In this work, we will always consider the case where each machine has $\tilde{O}\left(n\right)$ memory and $m\leq n$ . Without loss of generality, we may assume the non-central machine $j$ stores the set $S_{j}$ . For each element $i\in[n]$ , we use $f_{i}$ to denote the number of sets that $i$ is in. This is also referred to as the frequency of $i$ . Assume each machine has $\tilde{O}\left(n\right)$ space. The vector f can be computed in $O(\log m)$ rounds and broadcasted to all machines. Each machine $j$ starts with the characteristic vector $v_{j}\in\{0,1\}^{n}$ of the set $S_{j}$ that it holds. The vector f is just the sum of the characteristic vectors of the sets. We can aggregate the vectors $\{v_{j}\}$ in $O(\log m)$ rounds using the standard binary tree aggregation algorithm.

Since in this work, the dependence on $1/\epsilon$ is polynomial, an $\alpha-O(\epsilon)$ approximation can easily be translated to an $\alpha-\epsilon$ approximation by scaling $\epsilon$ by a constant factor. We can also assume that $1/\epsilon<n/10$ ; otherwise, we can simulate the greedy algorithm in $O(1/\epsilon)$ rounds. For the sake of exposition, we will not attempt to optimize the constants in our algorithm and analysis.

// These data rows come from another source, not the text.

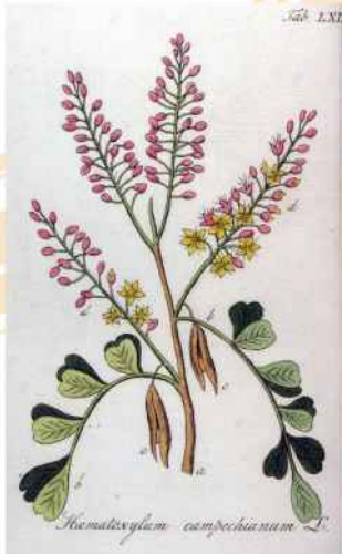
Planta de palo campeche usada para el teñido de tonos de rojo.

Los portugueses tomaron posesión de territorios sudamericanos donde crecía un árbol que ellos conocían de oriente y proporcionaba el color "brasil" (rojo). La historia registra disputas entre los reinos de España y Portugal, luego luchas emancipadoras, pero el tinte sigue presente en el nombre de nuestra nación vecina: la tierra del Palo Brasil.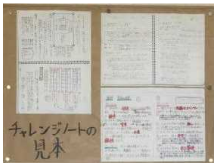
掲示物でノート活用の指導

りしで 題お言・一自か始用 した ま各にり葉感学自分か後例 ハ が学しまで想習ののるすでイ す。らよ年てす記。の成生では、 、うでみ。述。の振。長徒に、 指、もてご。欄。を。が85 導お、く家。に。返。を。お を手有だ庭。に。り。じ。り し本効さで生。自。ま。取。目 てを活いも徒。分。と。り。す お示用。話。め。の。め。り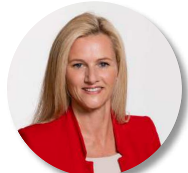
Abg.-NRin Mag.ª Petra Tanzler Bildungssprecherin SPÖ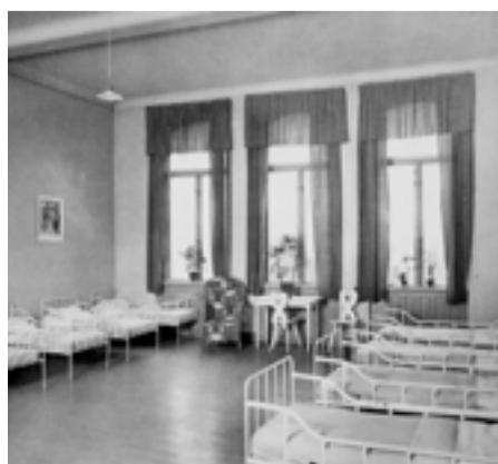
Barnen på Eugeniahemmet bodde i stora sovsalar.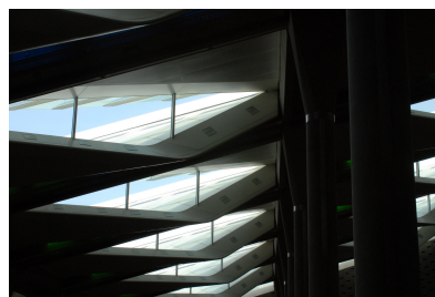
© Hofer ZT GmbH & Co ZT KG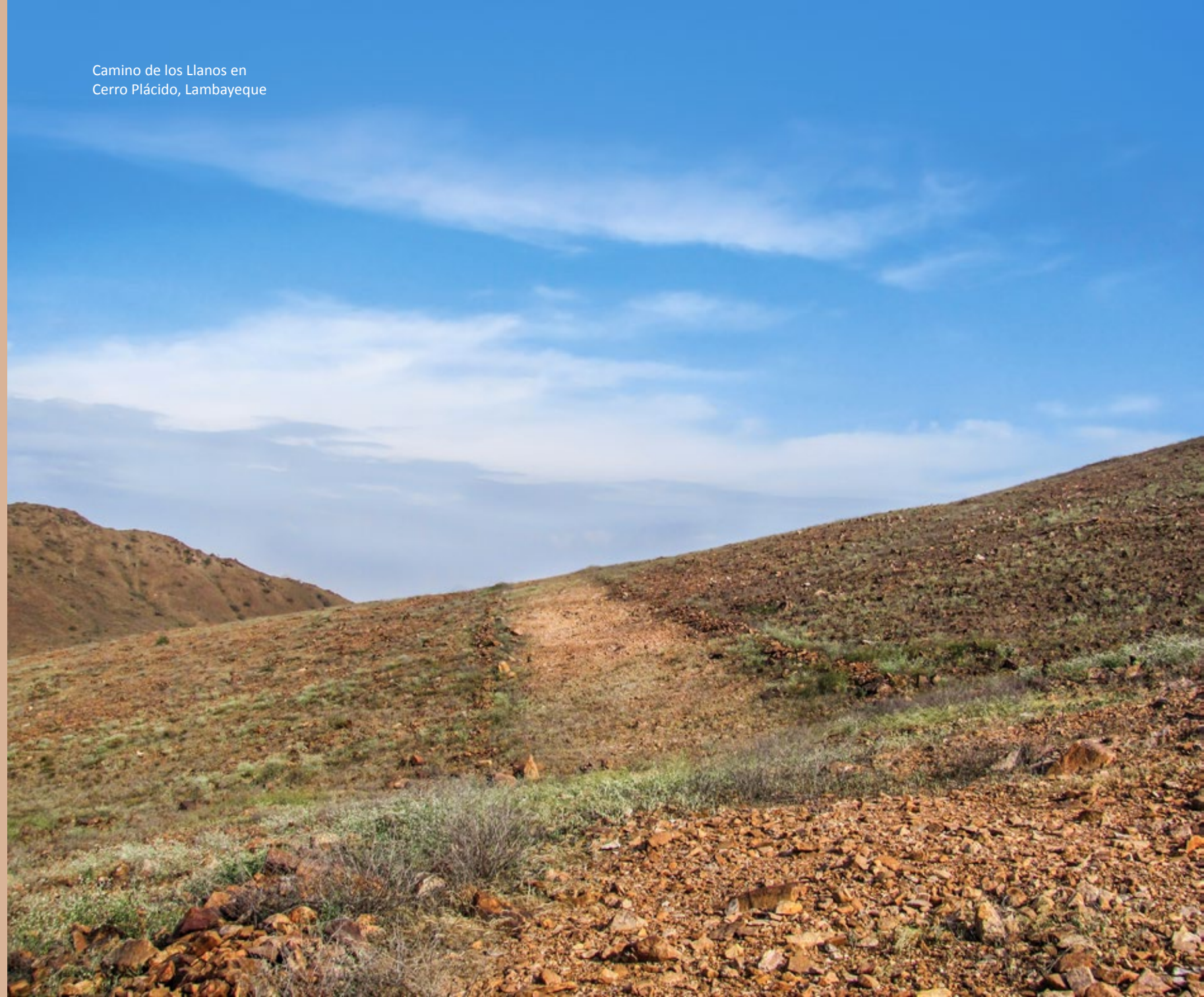
Camino de los Llanos en Cerro Plácido, Lambayeque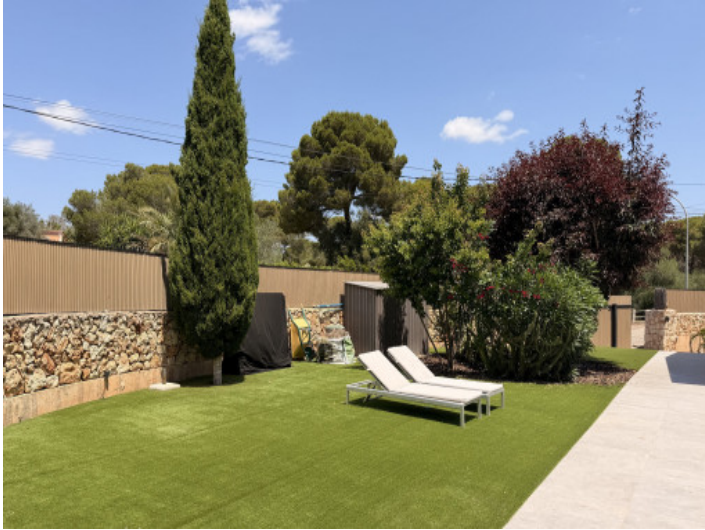
Jardín bien cuidado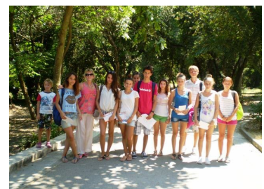
Σχεδιάζουμε προγράμματα για κάθε ηλικία και στόχο

Στους δύσκολους καιρούς που ζούμε κατανοούμε τις ανησυχίες της κοινωνίας μας και στηρίζουμε την οικογένεια που μας τιμά και μας εμπιστεύεται την εκπαίδευση των παιδιών της.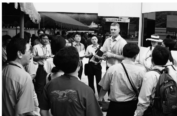
写真4：燃料油メーターの実地指導（2005年）

このような長期間となった理由は、通常の燃料油メーターだけでなくLPG（液化石油ガス）燃料油メーターも本格的な研修対象としたためである。その背景にはアジア諸国で自動車用燃料としてのLPGの使用が拡大しているという事情があった。またLPGおよび通常タイプの二種類の燃料油メーターにつき、それぞれ近郊のガソリンスタンドを利用した実地研修を盛り込み、さらに現地チョンブリ州の東部検定センターの訪問も行った。この研修は海岸リゾートであるパタヤで開催され、休日にはホストが近隣の観光ツアーも用意してくれたため、研修以外でも何かと思い出が多い。そのため研修生や講師との連帯感も、他の研修に比べてより色濃く残っている。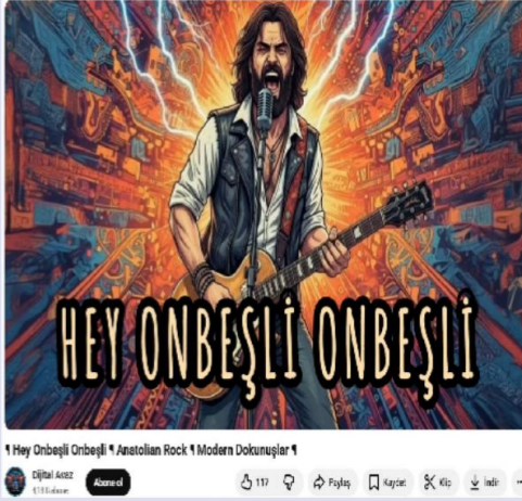
Picture 2. An example of a lament that evolved into the rock genre.

Yapay zekanın hayatımıza girmesiyle, sadece bilgi anlamında değil aynı zamanda görsel ve video olarak da işler farklı bir boyut almıştır. Yani çok eski dönemlerden beri süregelen değişimler var olsa da yapay zeka ve dijitalin gelişimi ile süreçteki değişim ve yayılım hızını artırmıştır. Sadece birkaç tık ile kişilerin belki de hayatlarında görmemiş oldukları enstrümanları bir parçaya koymaları ve onu bambaşka bir hale getirip, ilk söyleniş biçimlerinden de farklı duyguları açığa çıkarttıkları görülebilir. Bunun örneği çok olmakla beraber, moderniteye ayak uydurmuş olarak düşünüldüğünde bir yanlış görülmemektedir. Çünkü insanlar normal bir vakitte açıp bir ağıt dinlemezken, rock müzik versiyonu yapılan bir ağıt; arabada, evde, yolda yürürken ve günün her anında dinleyebilirler. Burada değişen ezgiler ve söyleniş tarzıdır ama sözler hep aynıdır. Zaten verilmek istenen burada sözlü mesajlardır. Bundan dolayı da mesajın kaybolmamasının yanı sıra, modern bir tarza evrildiği için varlığını hep korumuştur. Resim 2’de de görüldüğü üzere yakın bir tarihte yüklenen bir içerik çokça beğeni almasının yanı sıra binlerce tıklanmıştır. Bu da güncelliğini koruduğunu göstermektedir. Aşağıdaki ağıt, 15 yaşındaki gençlerin belki de dönüşü olmayan bir yola gittikleri için yakılan bir ağıttır ama günümüzde bu ağıt düşünlerde, eğlence mekanlarında farklı bir versiyon ile duyulabilmektedir.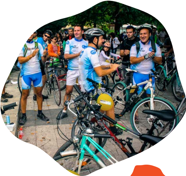
▲ Ice Ride en Sofía, Bulgaria

Puedes enviar a un listado local de medios como periódicos, revistas y foros de ciclistas la información para que la difundan. Algunas revistas de tema ambiental pueden estar interesadas en hacer publicidad del evento.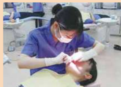
歯科診療補助実習

専門分野は、臨床歯科医学と口腔保健学とに大別されます。臨床歯科医学は、歯科の医療現場で実際行われている様々な症例について学びます。また、歯科衛生士としての重要な役割である 歯科診療補助 、 歯科予防処置 もここで、学びます。口腔保健学は、口腔の健康増進に対する取り組みを学びます。歯科保健指導もここで学びます。その他、近年ますます必要とされてきている介護技術、医療保険事務なども学びます。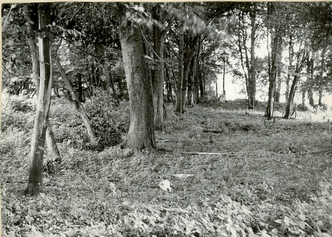
Nr neg. 3800. Aleja lipowo-grabowa.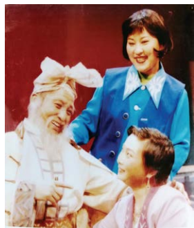
碗碗腔《风流姐妹》剧照

2019年5月24日，孝义市民间艺术剧院（研究院）与孝义市职业教育中心合作成立全市首个“非遗实践基地”，让国家级非遗文化走进校园，有效引导未成年人感受传统文化的魅力，激发他们对非遗传承保护的热情，对全市非遗传承人的培养起到了积极推动作用。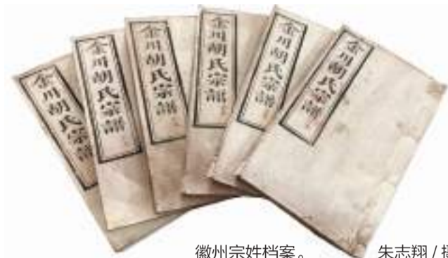
徽州宗姓档案。

5月8日,联合国教科文组织世界记忆亚太地区委员会第十次会议在蒙古国传来消息:“徽州文书——徽州千年宗姓档案”成功入选《世界记忆亚太地区名录》,这是安徽省首个人入选该名录的项目,为徽学研究和徽文化传承发展再添国际品牌。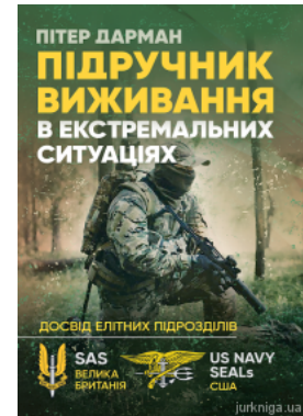
Підручник виживання в екстремальних ситуаціях. Досвід спеціальних підрозділів світу

Finally, in this work we consider $1-1/\operatorname{poly}(m)$ as a “high probability”. We use $[E]$ to denote the indicator variable of the event $E$ that is 1 if $E$ happens and 0 otherwise.

2 Algorithm

2.1 The main algorithm

Linear programming (re)formulation.

We first recall the relaxed linear program (LP) for the maximum coverage problem $\Pi_{0}$ :

maximize	$\displaystyle\sum_{i\in[n]}x_{i}$
(s.t.)	$\displaystyle x_{i}\leq\sum_{S_{j}\ni i}y_{j}$	$\displaystyle\forall i\in[n]$
	$\displaystyle\sum_{j\in[m]}y_{j}=k$
	$\displaystyle x_{i},y_{j}\in[0,1]$	$\displaystyle\forall i\in[n],j\in[m].$

We first reformulate this LP and then approximately solve the new LP using the multiplicative weights update method [2]. For each $j\in[m]$ , let $z_{j}:=1-y_{j}$ . We have the following fact.

Fact 1.

For each $i\in[n]$ , $x_{i}\leq\displaystyle\sum_{S_{j}\ni i}y_{j}\iff x_{i}+\sum_{S_{j}\ni i}z_{j}\leq\sum_{S_{j}\ni i}(y_{j}+z_{j})=f_{i}.$

Note that if $\textbf{y}\in[0,1]^{m}$ and $\sum_{j}y_{j}=k$ , then $\textbf{z}\in[0,1]^{m}$ and $\sum_{j}z_{j}=m-k$ . Thus, it is not hard to see that the original LP is equivalent to the following LP which we will refer to as $\Pi_{1}$ .

maximize	$\displaystyle\sum_{i\in[n]}x_{i}$
(s.t.)	$\displaystyle\frac{x_{i}}{f_{i}}+\frac{1}{f_{i}}\cdot\sum_{S_{j}\ni i}z_{j}\leq 1$	$\displaystyle\forall i\in[n]$
	$\displaystyle\sum_{j\in[m]}z_{j}=m-k$
	$\displaystyle x_{i},z_{j}\in[0,1]$	$\displaystyle\forall i\in[n],j\in[m].$

In this section, we will assume the existence an MPC algorithm that approximately solves the linear program $\Pi_{1}$ in $O(1/\epsilon^{3}\cdot\log n\cdot\log m)$ rounds. The proof will be deferred to Section 2.2.

Theorem 2.

There is an algorithm that finds $\textbf{x}\in[0,1]^{n},\textbf{z}\in[0,1]^{m}$ such that

1.

$\sum_{i\in[n]}x_{i}\geq(1-\epsilon)\textup{OPT}$ ,
2.

$\sum_{j\in[m]}z_{j}=m-k$ , and
3.

$\frac{x_{i}}{f_{i}}+\frac{1}{f_{i}}\cdot\sum_{S_{j}\ni i}z_{j}\leq 1+\epsilon\ \ \,\forall i\in[n]$

in $O(\epsilon^{-3}\log n\cdot\log m)$ rounds.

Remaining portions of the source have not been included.